President Joe Biden is right: the state of U.S. infrastructure is a catastrophe and it cries out for bold action. The heart of his jobs plan, aimed at rebuilding and modernizing America’s infrastructure and reshoring its industrial base, is the ambition we should hold ourselves to. But it’s a plan and ambition with the potential to fall far short if we don’t recognize and elevate the importance of American-produced raw materials to make it a reality.

Incomplete infrastructure plans that prioritize new bridges and roads, electric vehicle (EV) charging networks, or a new electricity grid, but relegate mineral and metal production to a second-tier are bound to collide with an alarming reality: failure to make mining policy infrastructure policy, energy policy, and jobs policy could very well derail these key initiatives, further weaken the nation’s economic and national security, and play right into China’s hands.

The energy transition alone is poised to create exponential demand growth for minerals and metals stretching the full breadth of the periodic table. The European Commission recently concluded that meeting Europe’s EV deployment goals for 2030 will require a supply of lithium 18 times larger than what is required today. By 2050, Europe’s lithium demand could increase 60-fold from current levels. This is just in the E.U.

Biden’s proposal to spend $174 billion to “win the EV future” could send U.S. lithium demand even higher, even faster.

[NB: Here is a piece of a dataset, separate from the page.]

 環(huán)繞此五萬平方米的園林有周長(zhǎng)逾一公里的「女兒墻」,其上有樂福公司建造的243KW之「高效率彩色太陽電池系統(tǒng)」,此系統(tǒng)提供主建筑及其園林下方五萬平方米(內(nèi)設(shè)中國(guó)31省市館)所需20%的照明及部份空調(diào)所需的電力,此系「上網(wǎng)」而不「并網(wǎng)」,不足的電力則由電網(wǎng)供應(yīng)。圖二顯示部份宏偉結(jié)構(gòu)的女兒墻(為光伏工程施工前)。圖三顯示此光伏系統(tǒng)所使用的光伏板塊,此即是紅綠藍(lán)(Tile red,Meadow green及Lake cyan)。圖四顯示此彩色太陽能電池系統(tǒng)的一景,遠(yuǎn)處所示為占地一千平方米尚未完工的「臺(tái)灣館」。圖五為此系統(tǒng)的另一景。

Currently, the U.S. has just one producing lithium mine.

Should a bold infrastructure plan pass Congress, one consultancy estimates $1 trillion of spending could require an additional 6 million tons of steel, 110,000 tons of copper, and 140,000 tons of aluminum annually.

The inescapable conclusion is that we need more domestic mines – with American workers producing American materials under world-leading environmental and safety standards – and we need them tomorrow.

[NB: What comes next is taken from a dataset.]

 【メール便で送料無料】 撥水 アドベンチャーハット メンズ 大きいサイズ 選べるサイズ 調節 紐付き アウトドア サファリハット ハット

From government to the automotive and tech industries, the troubling reality is we are financing enormous demand for material commodities but not their supply. Should the president’s jobs plan become law without a decisive commitment to ramping up U.S. mineral production, some of its most ambitious initiatives will struggle to search for imported raw materials.

U.S. mineral import reliance has already reached alarming levels, doubling in just the past two decades. As U.S. mineral production has flattened, China’s control of mineral supply chains has soared. China’s dominance of key material supply chains – including everything from rare earths to lithium – has provided it not only great geopolitical leverage but enormous influence over the industries that depend on these irreplaceable materials.

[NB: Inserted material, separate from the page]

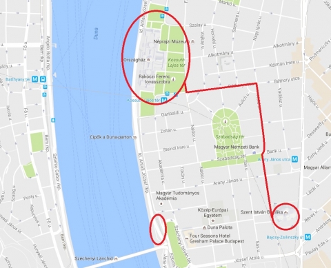 Szent István tér – Hercegprímás utca – Hold utca – Báthory utca – Kossuth tér útvonal.

Consider the downstream effect that is already having on lithium-ion battery production and the future of an electrified automotive industry. China’s stranglehold on the battery material supply chain has translated to a stunning lead in capturing battery production, the heart of the EV revolution, and the home of so many of the auto jobs of tomorrow. According to Benchmark Minerals Intelligence, an EV supply chain consultancy, 148 lithium-ion battery mega factories are currently planned for or already producing in China; not even a dozen are in the pipeline for the U.S.

It is imperative we ramp up domestic material production to ensure we have secure, responsible supply chains but also to ensure we are helping provide supply to keep commodity prices from becoming impediments to the deployment of a range of key technologies, particularly those needed to meet the climate challenge. While we can and should look to our allies and greater material recycling to help meet the soaring demand now at our doorstep, there is no getting to where we hope to go without more domestic mining.

Our challenge is not one of geology – the U.S. has vast domestic resources – but rather one of policy. America must build again. It must build and rebuild the bridges, roads, mass transit systems, and countless other pieces of critical infrastructure that cry out for attention. It must also build anew the industrial base and the high-paying community-supporting jobs to underpin this great effort – an effort that must be built from the mine up.